Imperial Iowa

Do you care about Iowa? You better. The media demand nothing less than total engagement.

The big Iowa vote is almost here, and everybody has to care about it.

Do you care about Iowa? You'd better, friend. The media demand nothing less than total engagement on a campaign event that "could prove pivotal," according to a report on the front page of The New York Times.

Speaking of pivotal, I went into the kitchen Sunday to do some "puttering around." When I was a kid, my family used to talk a lot about puttering around because of a man I'll call Mr. Reuben, our next-door neighbor. Mr. Reuben appeared to spend every waking moment puttering around, mainly in the garage/driveway zone. We marveled at this, filled with admiration. Mr. Reuben raised puttering to an art form.

Nobody in America putters around any more. My mother reports that even Mr. Reuben isn't puttering much these days, and there are various theories as to why. I think he's inside, tracking the Iowa story. How can you putter around when something this pivotal is happening right in your own country?

But as of last Sunday, the gravity of the situation hadn't hit me yet. So I'm in the kitchen with the radio tuned to my favorite music station, and they're playing a fantastic Sammy Davis Jr. song. For puttering purposes, it doesn't get any better than Sammy Davis Jr. After a while, I'm moving into the really good space, the puttering nirvana that I imagine Mr. Reuben used to achieve every day, before Iowa came to town.

Then, bam, it's the top of the hour and the music cuts off so the station can switch over to news. You know what that means: The very latest on the situation in ... Iowa! It turns out that CBS Radio has interviewed all the candidates, and over the next few days America would have a chance to hear their actual words and thoughts just in case we missed them when they were published and broadcast pretty much around the clock for the past several months. I forget who came on first—Gephardt, maybe, and I think he was touting his union endorsements. It was brutal, trying suddenly to care, but I did my best.

So long, puttering. Hello, Iowa. They say Iowa's a nice, unassuming place, but I don't buy it. I've come to suspect that Iowa is a power-mad empire with ambitions to dominate every facet of life in America and maybe the world. There's mounting evidence that Iowa has entered into a secret nonaggression pact with the media. You Iowans smile sweetly for the cameras and give us a daily feed of homespun quotes, and we'll make you stars. If you're really good, we'll make you pivotal.

Why are the media desperate for us to care about Iowa? Because the media themselves care about Iowa, deeply. Journalists are members of a class of people who can't think about anything right now except Iowa. President Bush is also a member of this class: The New York Times reported last weekend that Bush is "wholly absorbed" by the presidential race. But there are average citizens in this class, too. Some Americans are so avid about presidential politics, they've made their own anti-Bush commercials and entered them in a contest, which naturally has gotten wide media coverage.

Still, the class of true political obsessives is tiny, and the media feel a little guilty about belonging to it, about behaving less and less like everyday people and more and more like the political operatives they cover.
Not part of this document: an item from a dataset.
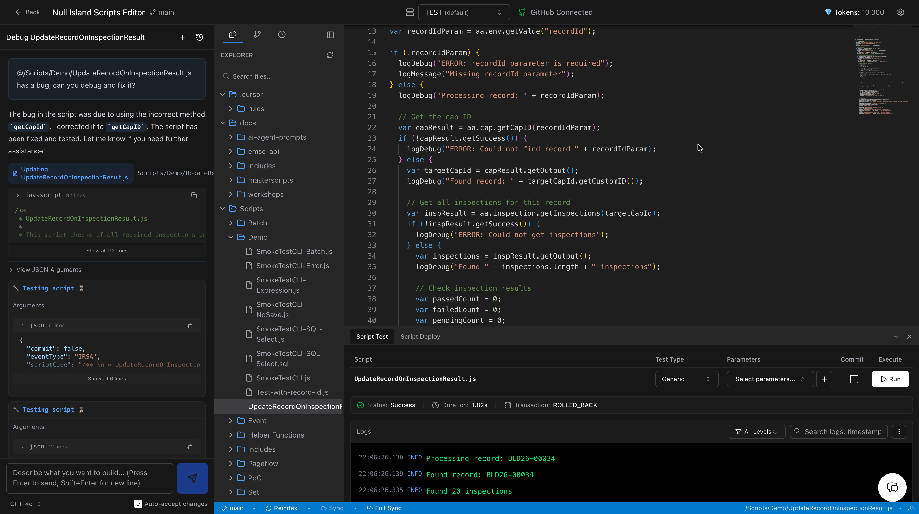 EMSE scripts are the backbone of Accela automation. Our scripting agents research documentation and existing code, write scripts in Rhino JavaScript, and test them against your environment—all from a conversational interface. Safe-by-default rollback ensures nothing touches production until you say so.
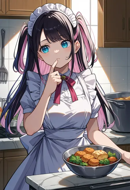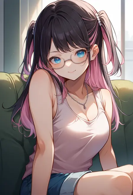 NazunaKaga, blue eyes, multicolored hair, black hair, pink hair, long hair, two side up

Any journalist with a brain knows that covering the Iowa vote is one thing, but covering it this much and this breathlessly, suggesting that the future of the Republic hinges on this one story, is really kind of dumb and pointless. Iowa doesn't decide anything—candidates have won Iowa and lost the nomination—and the media know this.

So they seek popular validation. That's why the message keeps coming at us, day after day, from every possible kind of news outlet: Care, care, care! Iowa, Iowa, Iowa! If enough people start caring, the coverage will have justified itself.

But there are signs the public is falling down on the job. This week, a Washington think tank, the Pew Research Center for the People and the Press, released a study showing that the public is not following the campaign as closely as it could. "In general, Americans show little awareness of campaign events and key aspects of the candidates' backgrounds," the study said. Only 26 percent of the public knew that Dick Gephardt is a former House majority leader. "Most Americans are not familiar with the ins and outs of the campaign. Just a third say they have heard a lot about Al Gore's endorsement of Howard Dean."

The ignoramuses! The study did find one exception: "While the majority of Americans are at most marginally engaged in the Democratic primary process, a small number keep close tabs on campaign news and events. These people have been following the campaign closely, enjoy keeping up with election politics, and are familiar with all of the election events and facts asked about on the survey. Overall, they represent roughly 7 percent of the population."

Does this crowd sound familiar? Pew gives them a nice label: "Campaign News Enthusiasts." I scrawled in the margin, "Crazies." But then, from a journalistic point of view, this 7 percent, these campaigns-are-my-life junkies, are a mirror, and also a hope for the future—a brave new future in which everyone lives and thinks like a pol.

Be a pivotal American. Support the media. And by all means, care about Iowa.